*WHAT IS NEEDED*: The required output is a verbatim transcription of the listing, pictures excluded.
[DATASET EXCERPT Boundary: Start]
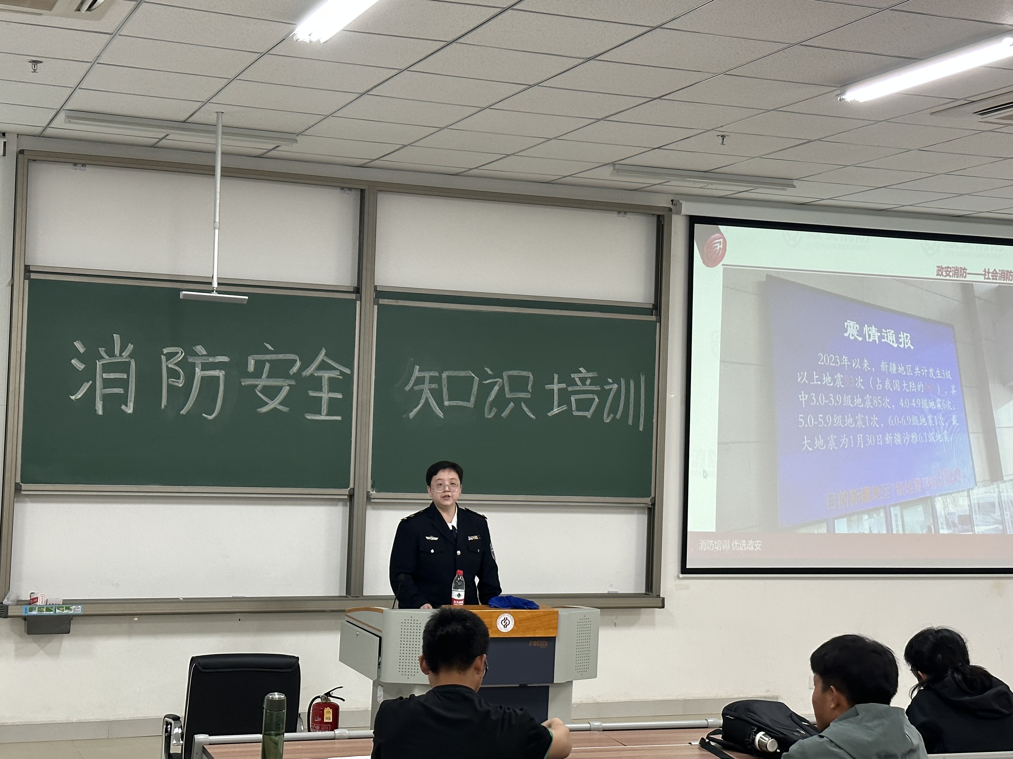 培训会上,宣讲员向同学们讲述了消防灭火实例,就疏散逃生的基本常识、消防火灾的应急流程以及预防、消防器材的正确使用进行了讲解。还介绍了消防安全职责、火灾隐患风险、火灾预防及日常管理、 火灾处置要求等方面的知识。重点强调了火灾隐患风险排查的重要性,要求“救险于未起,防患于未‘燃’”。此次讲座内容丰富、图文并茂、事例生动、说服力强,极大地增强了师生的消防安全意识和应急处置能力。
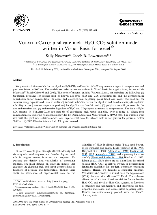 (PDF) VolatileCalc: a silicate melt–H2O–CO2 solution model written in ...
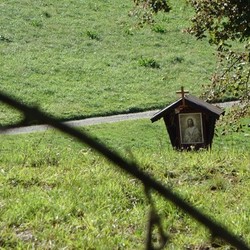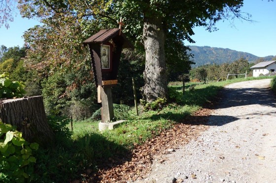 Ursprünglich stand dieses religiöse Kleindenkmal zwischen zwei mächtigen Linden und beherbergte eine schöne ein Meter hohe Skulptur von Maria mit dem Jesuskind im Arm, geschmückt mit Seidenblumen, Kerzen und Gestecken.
[DATASET EXCERPT Boundary: End]
*ANSWER FOR THE TASK*:
 培训会上,宣讲员向同学们讲述了消防灭火实例,就疏散逃生的基本常识、消防火灾的应急流程以及预防、消防器材的正确使用进行了讲解。还介绍了消防安全职责、火灾隐患风险、火灾预防及日常管理、 火灾处置要求等方面的知识。重点强调了火灾隐患风险排查的重要性,要求“救险于未起,防患于未‘燃’”。此次讲座内容丰富、图文并茂、事例生动、说服力强,极大地增强了师生的消防安全意识和应急处置能力。
 (PDF) VolatileCalc: a silicate melt–H2O–CO2 solution model written in ...
 Ursprünglich stand dieses religiöse Kleindenkmal zwischen zwei mächtigen Linden und beherbergte eine schöne ein Meter hohe Skulptur von Maria mit dem Jesuskind im Arm, geschmückt mit Seidenblumen, Kerzen und Gestecken.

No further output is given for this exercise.